Georgia’s Abbey Ward receives high-fives after her vault. The University of Georgia beat Auburn 197.425-196.350 on Feb. 2, 2020, in Athens, Georgia. (Photo/ Kathryn Skeean, kskeean@randb.com)

As the only single-skill event in gymnastics, vault requires the utmost precision and confidence upon execution.

“It's a very different event,” head coach Courtney Kupets Carter said. “It's not like you can breathe or come down and work through your skills like on beam and floor and bars. It’s so quick, you have to really be able to adjust quickly and know what your adjustments are prior to hitting.”

The GymDogs are No. 13 in the country on vault, which is its second-lowest ranked event. With scores ranging from 48.67 to 49.375, vault is the second-most inconsistent event for Georgia behind bars, which is skewed by the GymDogs’ season-low performance against LSU. Georgia has had two of their three highest vault scores in the past two meets.

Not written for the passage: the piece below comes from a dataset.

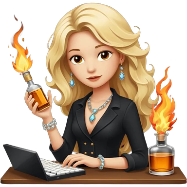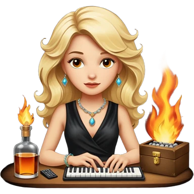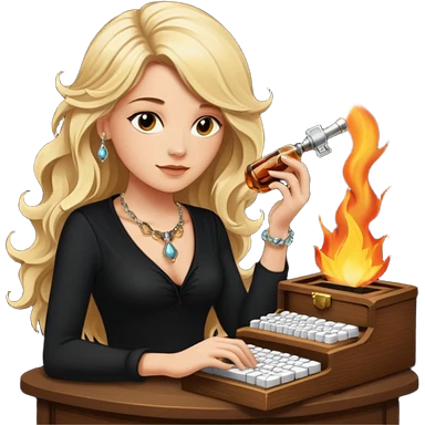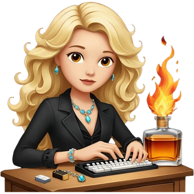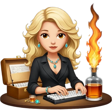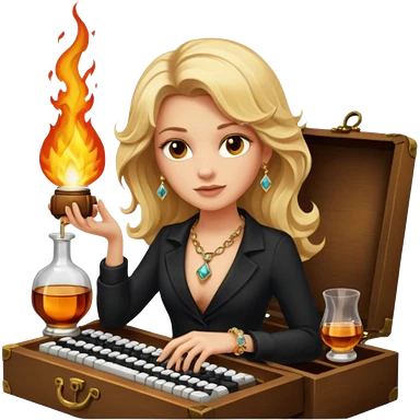A sketchnote illustration rendered in a strong moody style, featuring a blonde woman with cascading gorgeous hair, a keyboard, a whiskey bottle, a key, a jewelry box, and fire elements against a black background. The lighting is low with low contrast, emphasizing dramatic shadows. emoji

There is also not much variation in the way vault is performed by gymnasts, especially in the NCAA. Typically, a gymnast will do a variation of a Yurchenko, which includes the sequence of a roundoff, a back handspring and a varying combination of twists or flips to maximize height and distance from the vault.

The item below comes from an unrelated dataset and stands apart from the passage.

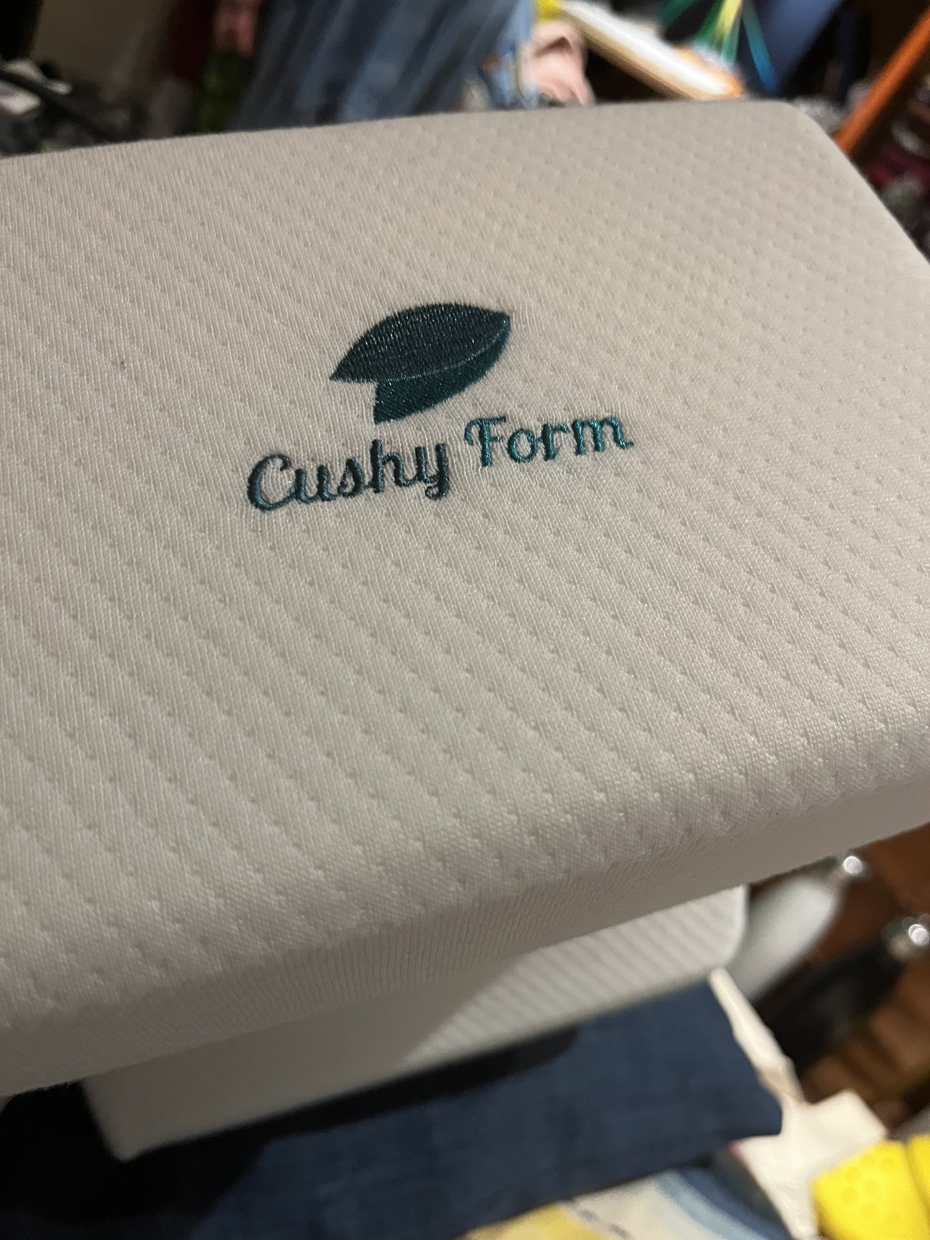 Whilst there I saw that they had memory foam knee pillows. I already have one but sometimes I also use it as a head pillow because it is shape gently cradles the neck. I bought two cotton tea towel to make a pillow case for it so I could display it on the couch.

All-around GymDog Rachael Lukacs holds the team’s high score on vault this season with a 9.925 that she has hit in the past two meets.

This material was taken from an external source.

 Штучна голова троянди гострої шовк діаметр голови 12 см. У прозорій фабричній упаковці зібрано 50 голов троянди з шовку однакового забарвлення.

Competing a double-twisting Yurchenko, Lukacs said the aggressive and focused approach is the most important aspect to earning a high score. That focus can come into play in the milliseconds as she touches the vault, depending on how she hits the table or springboard.

“You have to run as fast as you can, use that table and then be explosive, [with] nice tight arms and twists,” Lukacs said. “It’s a more powerful event than bars or beam.”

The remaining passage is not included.